Other consequences of voluntary manslaughter include hefty fines not exceeding $10,000. You may get a strike on your record in line with California's Three Strikes Law. A strike on your record may enhance your sentencing, especially if you have prior felonies on your record and if you get felony convictions in the future.
According to California PC 29800, you may lose your right to possess a gun according to the felon with a firearm law. Other consequences may include performing community labor or service, including roadside work. The court may order you to seek counseling services by attending anger management classes. The court has the discretion to impose any punishment it may deem necessary for an offense of voluntary manslaughter.
Fighting Voluntary Manslaughter Charges
The crime of voluntary manslaughter is a serious offense, according to California law. If the prosecutor accuses you of committing the crime, the consequences are detrimental. However, you do not have to give up. An experienced criminal attorney can help you develop proper defense and challenge the prosecutor's allegations.
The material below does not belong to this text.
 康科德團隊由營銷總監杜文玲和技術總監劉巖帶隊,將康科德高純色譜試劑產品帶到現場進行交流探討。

Your attorney can guide you on the applicable legal defenses to help you fight voluntary manslaughter charges. Some of the common legal defenses that your attorney adopt include:
You Killed the Victim in Self-Defense or While Defending Another Person
You can fight voluntary manslaughter charges by pointing out that you were acting in self-defense or defense of another person at the time of killing the victim. The self-defense law may apply if you killed the victim to protect yourself from being killed. You may also have killed the victim to avoid suffering great bodily injury. You may also outline that you were at risk of rape, robbery, maiming, or any other atrocious and forcible crime.
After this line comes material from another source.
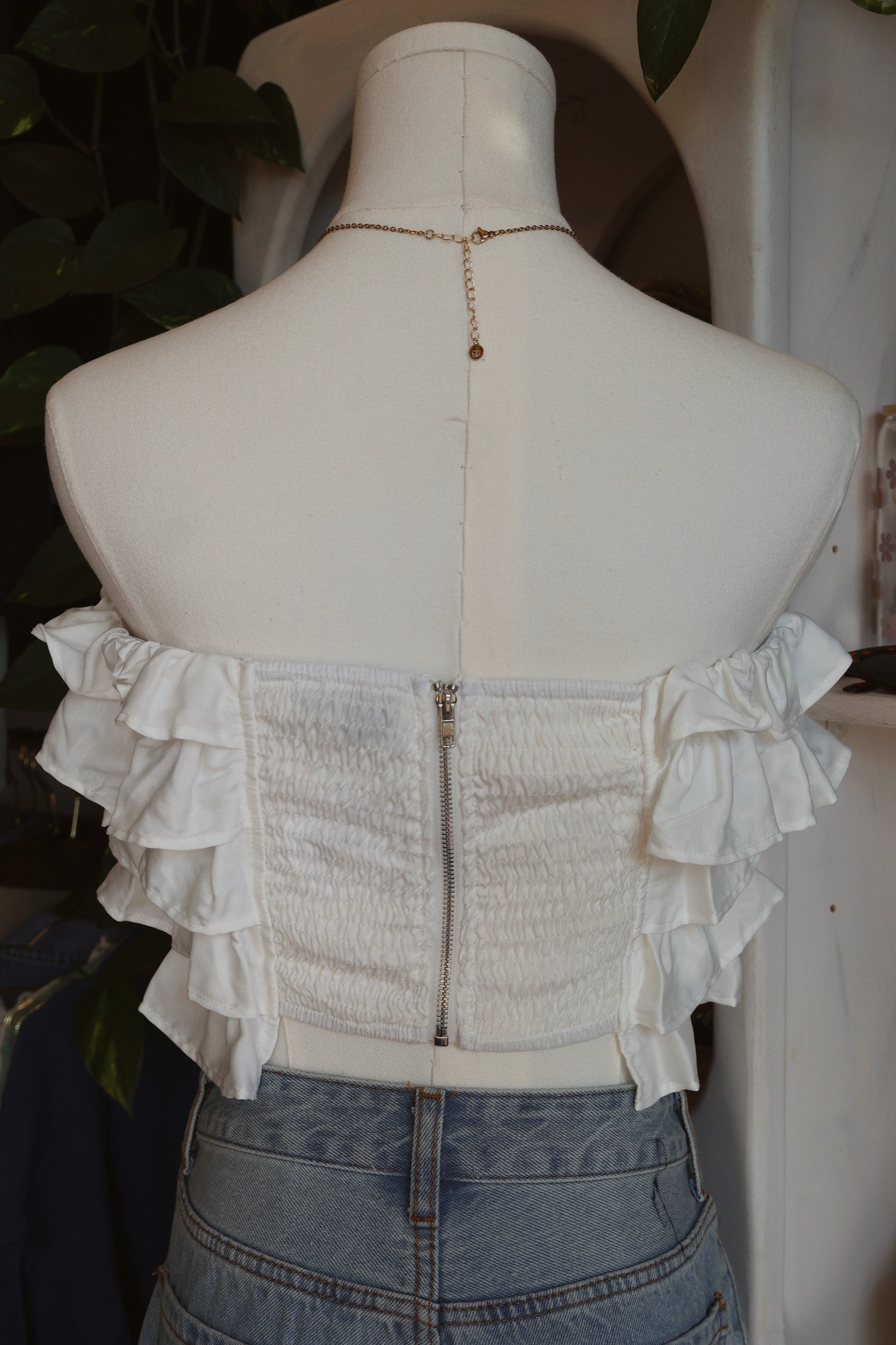 Our white ruffle tube top is a summer staple 🤍 Featuring a flirty layered ruffle design and a stretchy, comfortable fit that stays put all day. This top is perfect for beach days, brunch, or any sunny outing.

The self-defense law allows you to take any possible action to avoid suffering harm. For instance, if the victim was trying to stab you or your friend, but you overpowered the victim and killed him/her, you can claim that you were acting in self-defense.
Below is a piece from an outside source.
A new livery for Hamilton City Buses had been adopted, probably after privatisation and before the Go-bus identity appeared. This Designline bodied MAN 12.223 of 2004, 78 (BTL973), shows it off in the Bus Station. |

If you acted in imperfect self-defense, you might not be able to escape criminal charges for the offense of voluntary manslaughter. For instance, you may have killed a person because you believed that you or another individual was in danger of facing serious harm. You may have thought that it was necessary to use force to prevent the danger from occurring. However, the court may find that one of your beliefs of imminent harm was unreasonable. The court may also point out that you used more force than was necessary under the circumstances. This scenario may qualify as imperfect self-defense.
Imperfect self-defense may act as a mitigating factor that can help to reduce a murder charge to a voluntary manslaughter charge. However, the offense may not be adequate to relieve you of criminal liability.
You were not Aware of Your Action
You may fight voluntary manslaughter charges by pointing out that at the time you killed the victim, you were not aware of your actions. For instance, insanity may make you kill a person without understanding the nature of the act. Your attorney can defend you by asserting that you could not distinguish right and wrong.
To prove insanity, a defendant may be subject to a psychiatric examination by an experienced psychiatrist. Upon establishing the insanity, the defendant may be entitled to a verdict of not guilty. Insanity may excuse you from judgment for engaging in criminal conduct.
The Killing was Accidental
You can fight voluntary manslaughter charges by pointing out that the killing was accidental and not intentional. If you killed another personal accidentally, you might not face voluntary manslaughter charges. For you to face voluntary manslaughter charges, you must have acted in the heat of passion.
The accidental killing defense may apply if you did not have a criminal intent to kill the victim. The defense may also apply if, when you committed the offense, you were not acting negligently. The defense may also apply if you were engaging in lawful behavior when the killing occurred.
In most cases, the crime of voluntary manslaughter is a plea bargain from murder charges. Therefore, if you are facing murder liability under California PC 187, your attorney may negotiate for a reduction of the offense to voluntary manslaughter. Therefore, voluntary manslaughter is a legal defense in a murder case.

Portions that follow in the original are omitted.